|31 January 2010
Location: Naarden, The Netherlands
Organisers : Kate Bushby, Isabel Illa, Martin Krahn, Nicolas Levy
The 172nd ENMC International workshop was dedicated to dysferlinopathies, a group of diseases due to mutations in dysferlin, the best known of which are limb-girdle muscular dystrophy 2B (LGMD2B) and Miyoshi Myopathy. In the past years, there has been increasing clinical interest in these conditions and the diagnosis is more readily available at least in some labs. The workshop was organized to consider how the diagnosis should be made, what we need to do to understand why the condition develops and work out what needs to be done to see possible therapies for these conditions developed. Seventeen international participants reviewed and discussed the current issues in the field of dysferlinopathies.
A first session dedicated to diagnostics, reviewed the current procedures and difficulties of dysferlin mutational analyses, and the importance of dysferlin protein testing on monocytes and/or muscle tissue in the diagnostic process. The discussions allowed the identification of central points to be included in a more formalized development of diagnostic guidelines, through the creation of an informal Network on Dysferlin Mutational Analysis. This session also included an overview on clinical and mutational data of a new gene Anoctamin 5 which has now been shown to cause a different condition which is very similar clinically to LGMD2B or MM but where dysferlin is normal. Finally, the importance of inflammatory features in dysferlin deficient muscle tissues from patients was outlined. The central importance of inflammation was subsequently largely developed in the sessions on animal and cellular models of dysferlinopathy, and novel insights into why there is such a prominent inflammatory infiltrate were presented. Major data on a novel muscle-specific dysferlin transgenic mouse model however indicate that the primary disease-causing event originates from the muscle tissue, and that the inflammatory events should therefore represent an aggravating cascade of secondary events. Working out exactly the way that dysferlinopathy happens at the cellular level will also require a better understanding of what proteins it interacts with which will need novel antibodies. All presentations and discussion further outlined the need for standardization of both animal and cellular models and the group was committed to working together to make this happen.

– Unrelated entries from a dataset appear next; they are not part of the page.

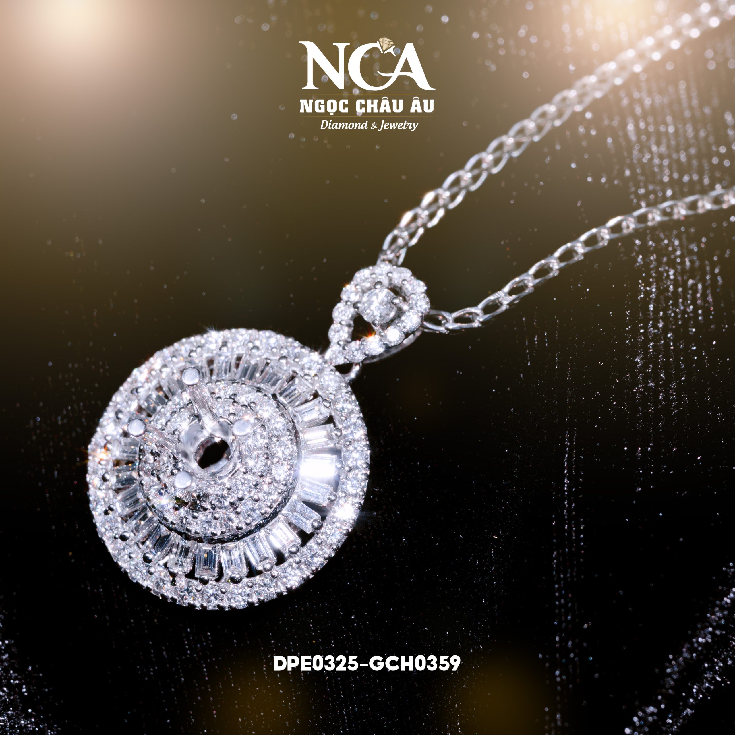 Hãy là người đầu tiên nhận xét “Mặt dây kim cương tròn baguette viền tấm DPE0325”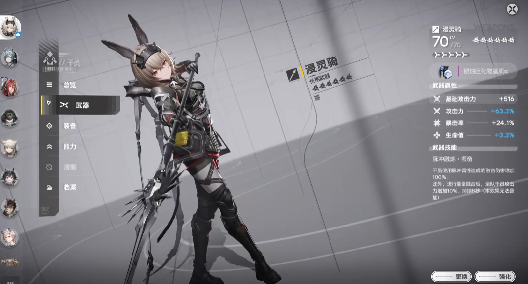 她的1技能为关键控场手段,释放时以长枪进行旋转打击,对周围单位造成总计500%的脉冲伤害,并附带中等强度的击退效果,能够有效打断敌方冲锋或突进行为。虽然技能存在轻微前摇,但面对高速移动目标时仍具备良好应对能力,无需频繁调整站位即可稳定命中。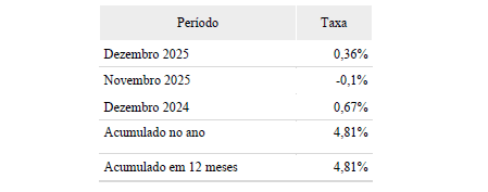 O IBGE calcula também o Índice Nacional de Preços ao consumidor. Em Aracaju, o INPC registrou alta de 0,27% em dezembro de 2025. No ano de 2025, o índice na capital sergipana acumula alta 4,55%.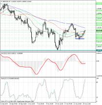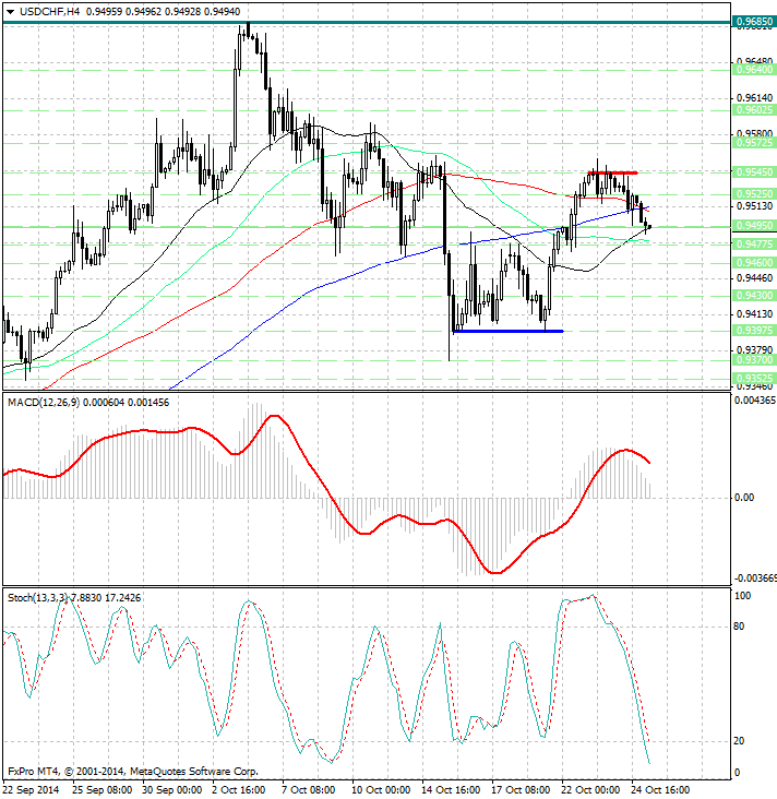 Курс валюты зажат между скользящих средних с периодами 89 и 144 (уровень сопротивления 0.9510/125) с одной стороны и средней с периодом 55 (уровень поддержки 0.94825) с другой, и в данный момент слился со средней с периодом 34.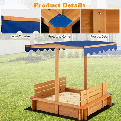 - Canopy Protection: This wooden sandbox is sheltered by a water-roof and sunlight proof canopy. It protects your little ones from the sun while keeping them cool in the shade. Made of tear-resistant PVC oxford fabric, this canopy can last for quite some time, making the sandbox an ideal outdoor kids’ furniture.

The final session was dedicated to therapeutic approaches. Preliminary data from the German trial on the use of corticosteroids in dysferlinopathies do not suggest any improvement in muscle strength, which is important data to be shared within the community towards avoiding steroids in proven dysferlinopathies in the future. Several innovative gene therapy (AAV gene transfer, mini-dysferlin, exon-skipping…) based strategies are currently under development. Finally, the central role of inflammation opens a novel field of possible pharmacological targets. A full report is published in Neuromuscular Disorders (pdf)
The workshop was concluded by a general discussion on efforts to be made towards harmonising registry development, and a planned Natural History Study as an essential step towards trial readiness in dysferlinopathies. A full report is published in Neuromuscular Disorders (pdf).